Information provided
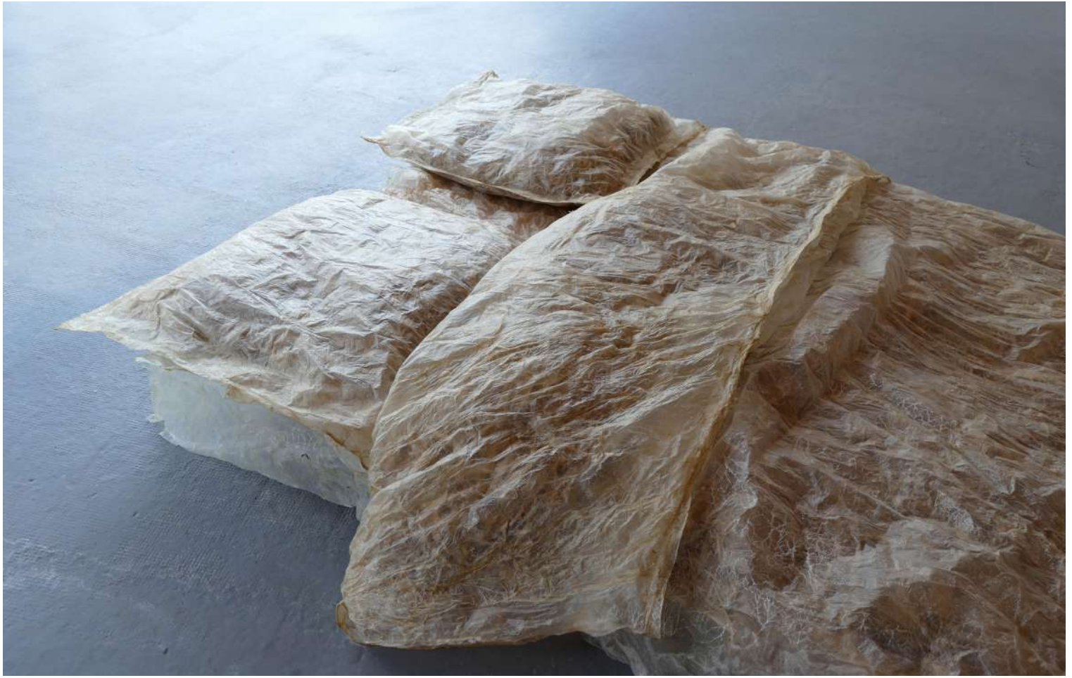
Sleep, vue d'exposition, Once upon a time: a sleep, a view and a whisper, 2024, Quinconce Galerie, paille, draps en chutes d'intestins, L 190 cm, l 140 cm, Ph : Thibault Philip
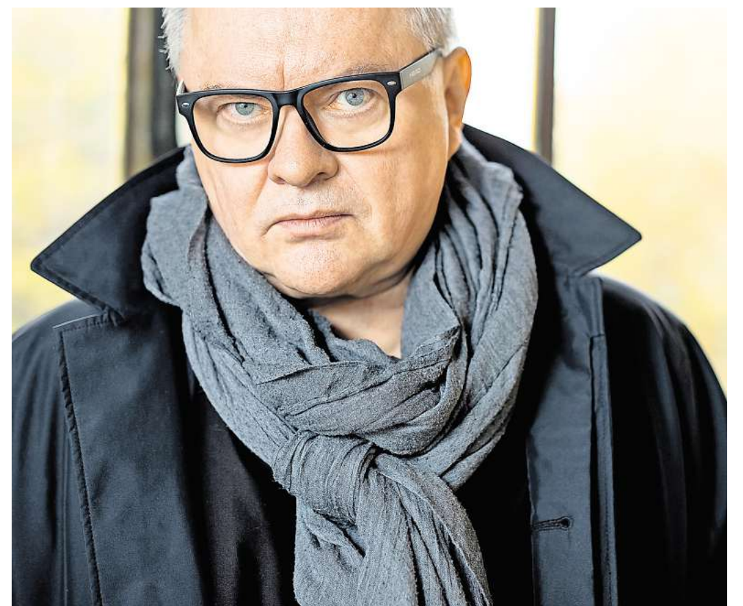
„Nie behauptet, modern zu sein“: Heinz Rudolf Kunze legt mit seinem neuem Buch „Gebrauchsgegenstand“ eine üppige Sammlung von Texten vor.

Das Cover von „Gebrauchsgegenstand“ ziert eine Handgrate in Gehirnform, was zusammen mit dem Titel suggeriert, dass es Kunze bange ist um den allgemeinen Zustand des Verstandes. Und ja, es geht, oft in scharfen Worten, um eine Art Volksverdummung, die für ihn aufgezogen zu sein scheint, um Erdkundelehrerinnen, die Ros-
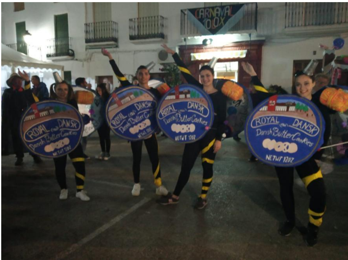
6º PREMIO DEL CARNAVAL DE TOLOX 2019, TITULADO "LAS COSTURERAS"
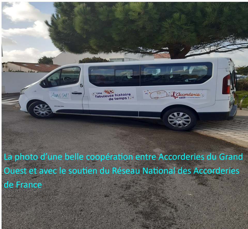
La photo d'une belle coopération entre Accorderies du Grand Ouest et avec le soutien du Réseau National des Accorderies de France

Une adresse à enregistrer : breve-go@accorderie.fr
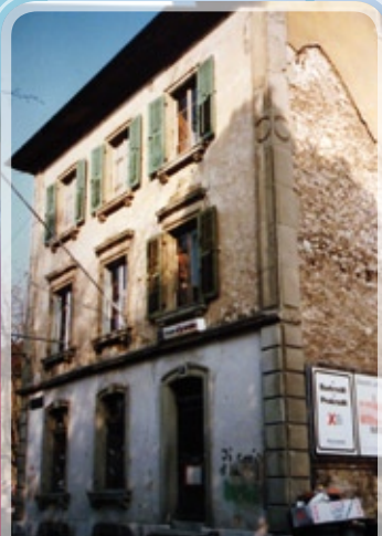
L'un des derniers lieux de rencontre du groupe de jeunes inter églises les « J'y Crois » à la rue du Marché Neuf avant la destruction du bâtiment.
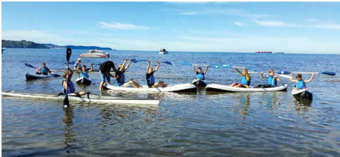
Učenci so s številnimi dejavnostmi spoznavali različne plati zdravega življenja. / Attraverso molte attività, gli alunni hanno appreso i diversi aspetti dello stile di vita sano.

Osnovna šola Ankarano sodeluje v projektu Zdrava šola, ki z različnimi dejavnostmi spodbuja, omogoča in krepi zdravje na vseh področjih. Tako smo 24. septembra šolski dan posvetili zdravemu izkoriščanju prostega časa. Naši učenci so veslali, igrali odbojko in nogomet, vadili gibe telesa in vihtenje paličice pri twirlingu, spoznavali različne prijeme pri karateju in judoju, spoznavali strelsko športno dejavnost in šli na pohod po dveh sprehajalnih poteh našega domačega kraja; po Beblerjevi poti in Resljevem gaju. Na slednji so nas spremljali člani ankaran-
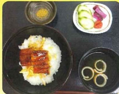
7/24 土用の丑の日 うな丼
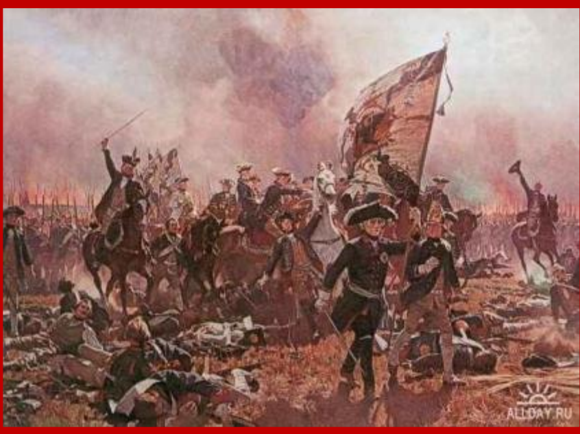
Сражение у Цорндорфа

1761 г. – смерть Елизаветы Петровны. Петр III заключил с Фридрихом II союз против своих бывших союзников и вернул Пруссии все завоевания.
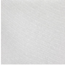
1366-02 ALLIAGE - CRISTAL
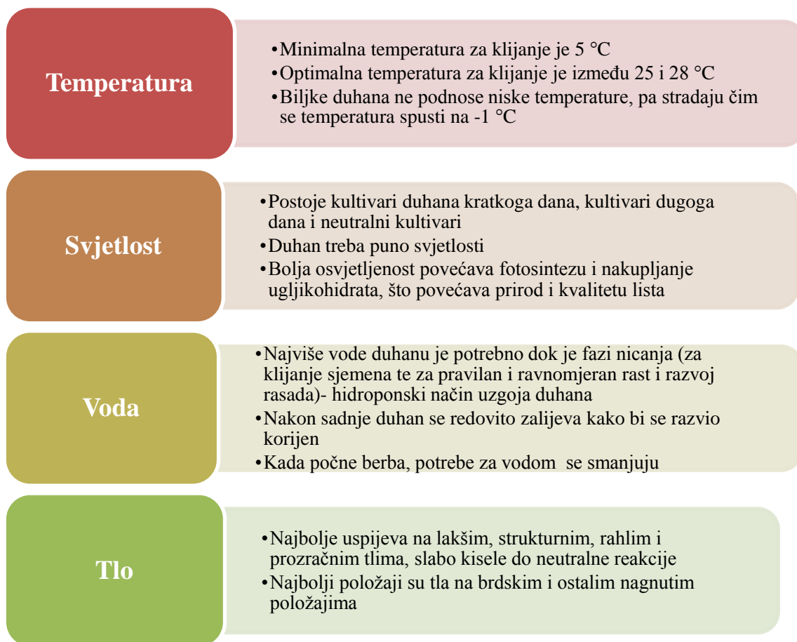
Shema 2. Agroekološki uvjeti proizvodnje duhana
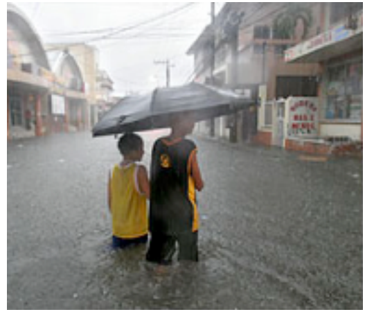
Inundaciones provocadas por el huracán Henriette
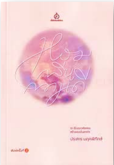
วรรณกรรม และความรู้ทั่วไป
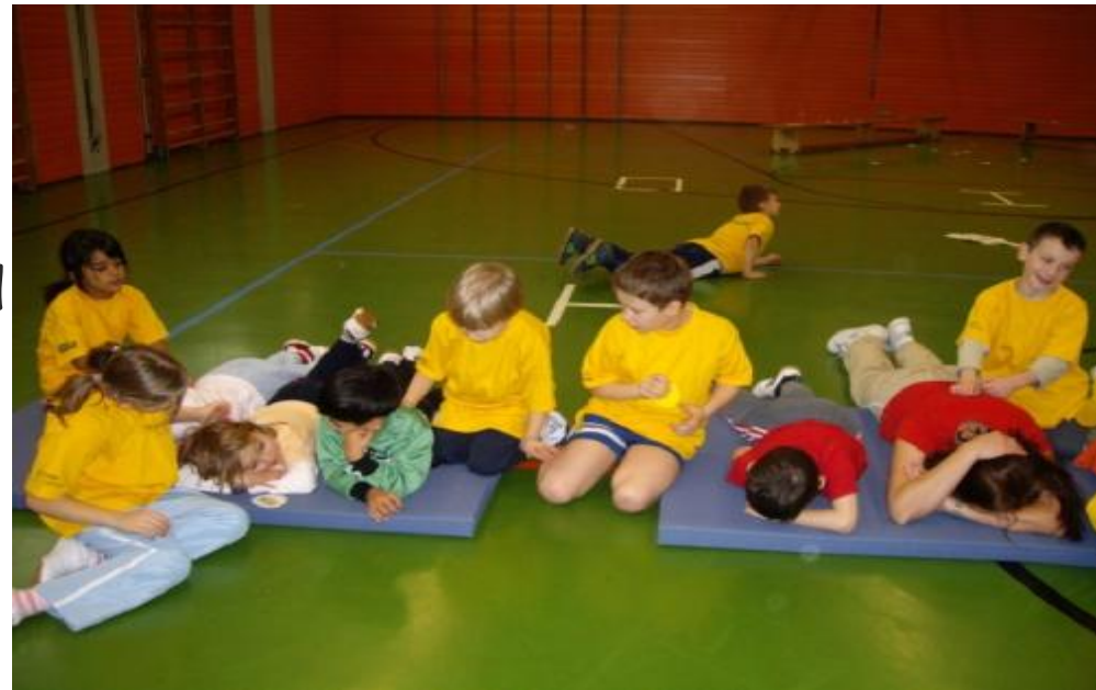
Gemeinsame Sportstunde in der Schule
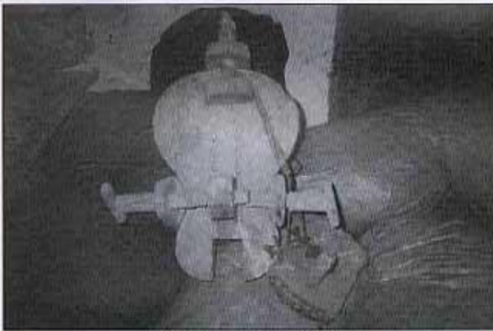
El motle per a fer guitarres.
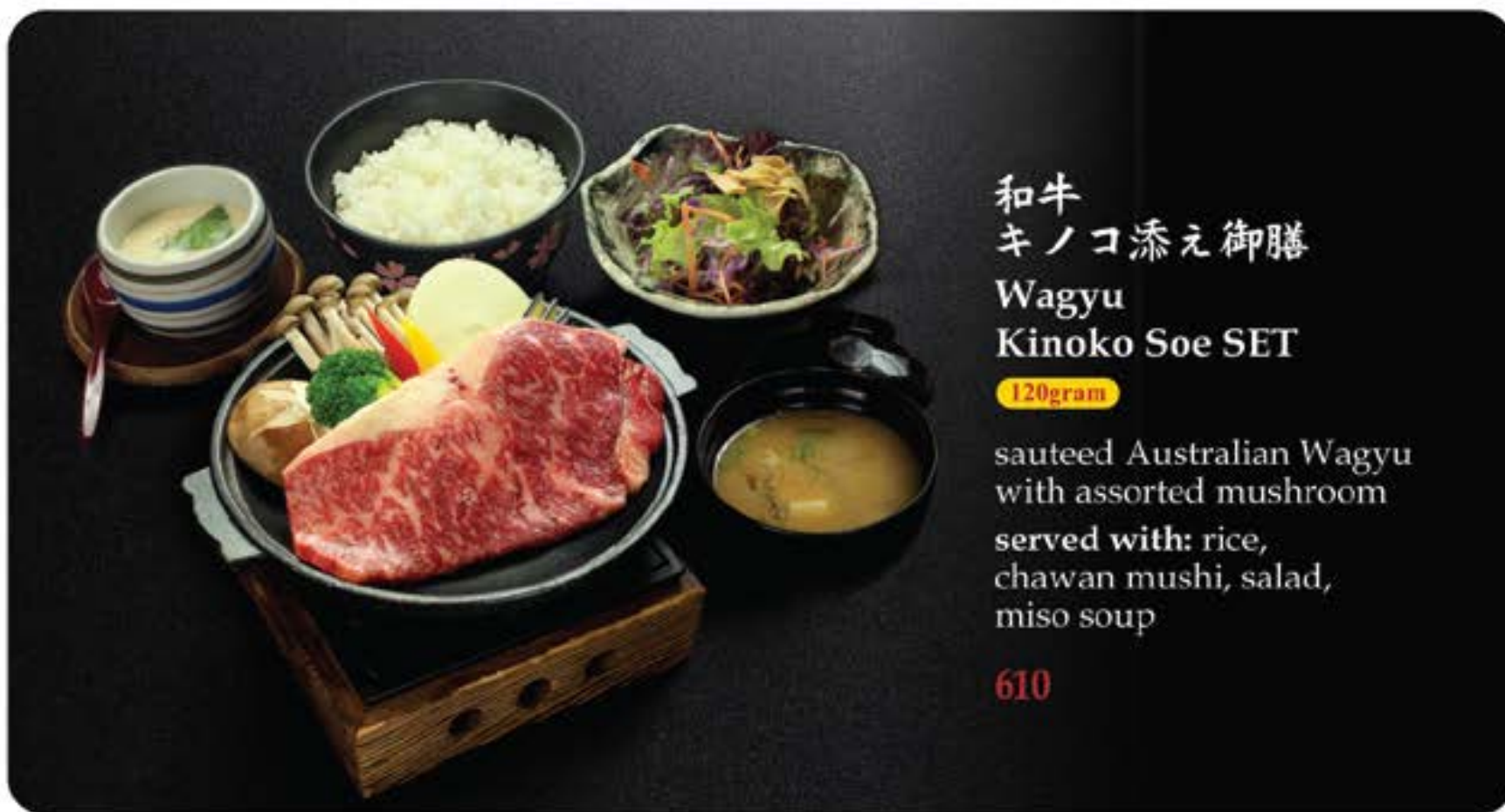
和牛 キノコ添え御膳 Wagyu Kinoko Soe SET
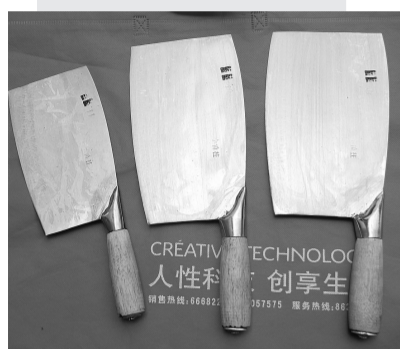
制作成的李记菜刀。

新郑市洧水南岸梨河镇北三里岗村的“李记菜刀”，历经一个多世纪、五代人的不懈努力传承与创新，至今依然闻名遐迩，长盛不衰，而三里岗这个普通的村庄也因独特的菜刀文化声名远播。昨日，记者前往三里岗村，实地了解百年传承下来的“李记菜刀”。
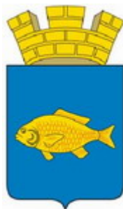
Рис. 12. Герб города Ишим Тюменской области

Однако, законом Тюменской области Тюменской области от 05.11.2004 № 263 «Об установлении границ муниципальных образований Тюменской области и наделении их статусом муниципального района, городского округа и сельского поселения» город Тюмень является городским округом. [25] Следовательно, корона должна быть «о пяти зубцах».
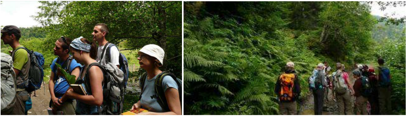
Abb. 10: In der Schlucht Baniskhevi (Kleine Kolchis).
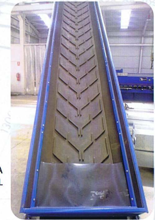
CINTA TRANSPORTADORA PARA SALIDA MATERIAL
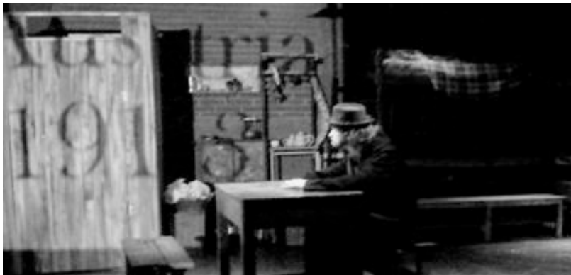
DAS BUCH DER ZEIT (FARSA DE CIENCIA FICCIÓN)
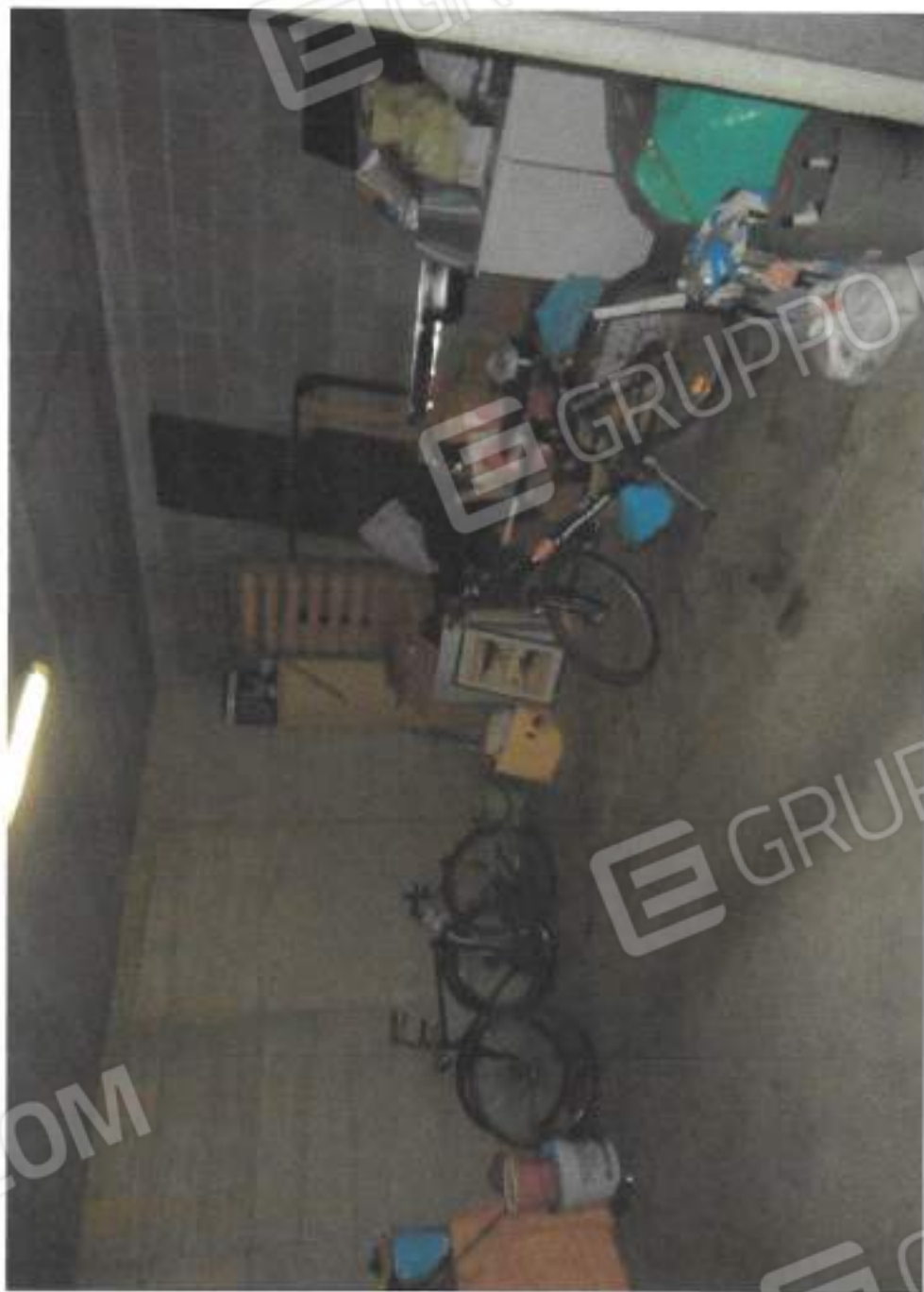
VISTA INTERNA BOX

Exercise details
Leaving the pictures aside, copy exactly and only the lines from the one holding "和牛 キノコ添え御膳 Wagyu Kinoko Soe SET" through the final line of the data, both ends kept.

Completed task
和牛 キノコ添え御膳 Wagyu Kinoko Soe SET
制作成的李记菜刀。

新郑市洧水南岸梨河镇北三里岗村的“李记菜刀”，历经一个多世纪、五代人的不懈努力传承与创新，至今依然闻名遐迩，长盛不衰，而三里岗这个普通的村庄也因独特的菜刀文化声名远播。昨日，记者前往三里岗村，实地了解百年传承下来的“李记菜刀”。
Рис. 12. Герб города Ишим Тюменской области

Однако, законом Тюменской области Тюменской области от 05.11.2004 № 263 «Об установлении границ муниципальных образований Тюменской области и наделении их статусом муниципального района, городского округа и сельского поселения» город Тюмень является городским округом. [25] Следовательно, корона должна быть «о пяти зубцах».
Abb. 10: In der Schlucht Baniskhevi (Kleine Kolchis).
CINTA TRANSPORTADORA PARA SALIDA MATERIAL
DAS BUCH DER ZEIT (FARSA DE CIENCIA FICCIÓN)
VISTA INTERNA BOX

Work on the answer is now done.